# [Stored data]
::::::

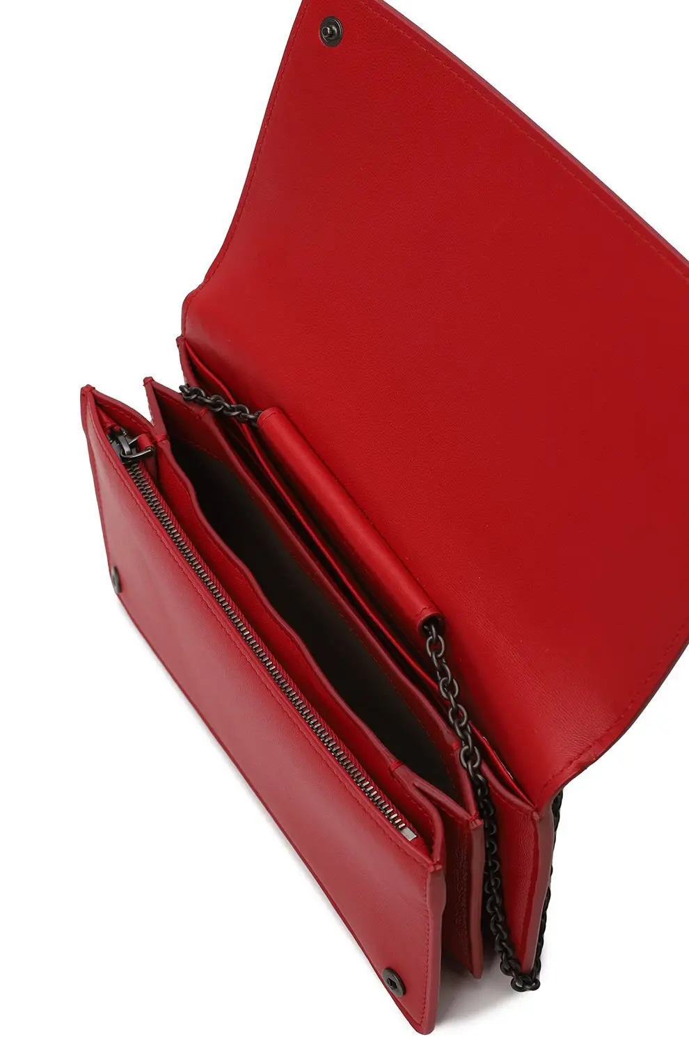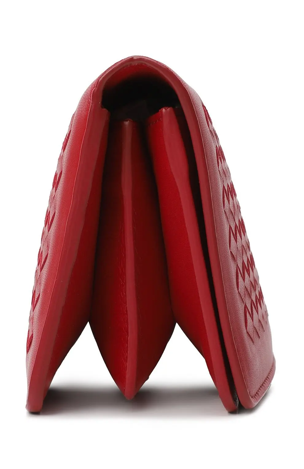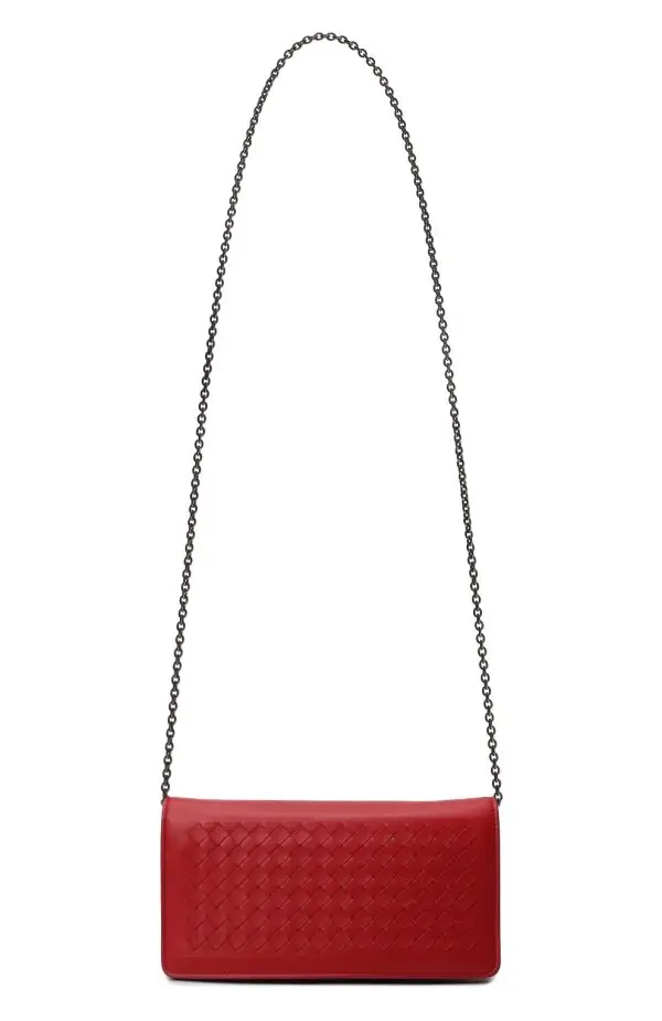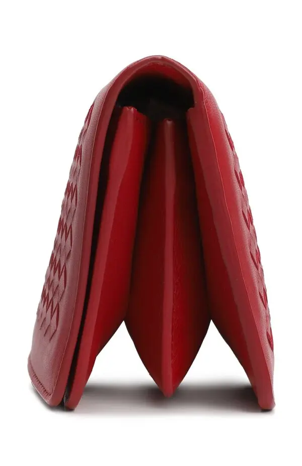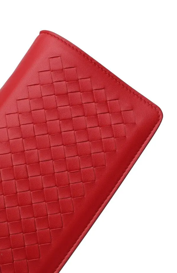 Клатч от Bottega Veneta в насыщенном красном цвете изготовлен из мягкой кожи и украшен культовым плетением intrecciato, подчеркивающим узнаваемый стиль дома. Лаконичный удлинённый формат делает его удобным для хранения купюр и документов, сохраняя при этом изысканную эстетику. Этот аксессуар станет ярким акцентом в образе и отличным выбором для ценителей минимализма с характером.
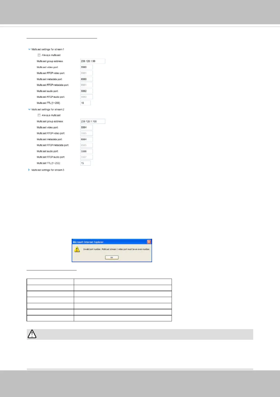 If the multicast RTP video ports are incorrectly assigned, the following warning message will be
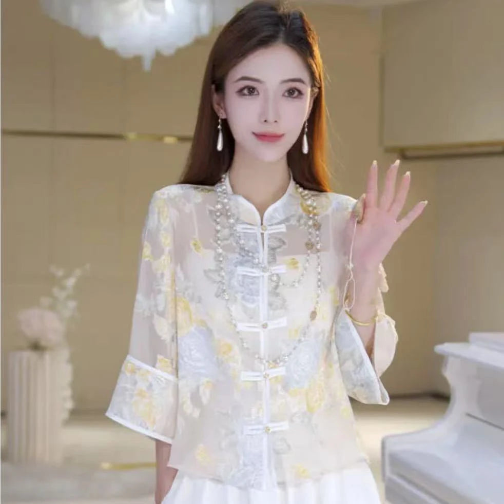 New Chinese Sle Thin awl Coat Button up irt Women Summer National Sle Sun Protection Light Veil Outerwear

::::::

Except for the pictures, write the data out exactly.

# [Your response]
 Клатч от Bottega Veneta в насыщенном красном цвете изготовлен из мягкой кожи и украшен культовым плетением intrecciato, подчеркивающим узнаваемый стиль дома. Лаконичный удлинённый формат делает его удобным для хранения купюр и документов, сохраняя при этом изысканную эстетику. Этот аксессуар станет ярким акцентом в образе и отличным выбором для ценителей минимализма с характером.
 If the multicast RTP video ports are incorrectly assigned, the following warning message will be
 New Chinese Sle Thin awl Coat Button up irt Women Summer National Sle Sun Protection Light Veil Outerwear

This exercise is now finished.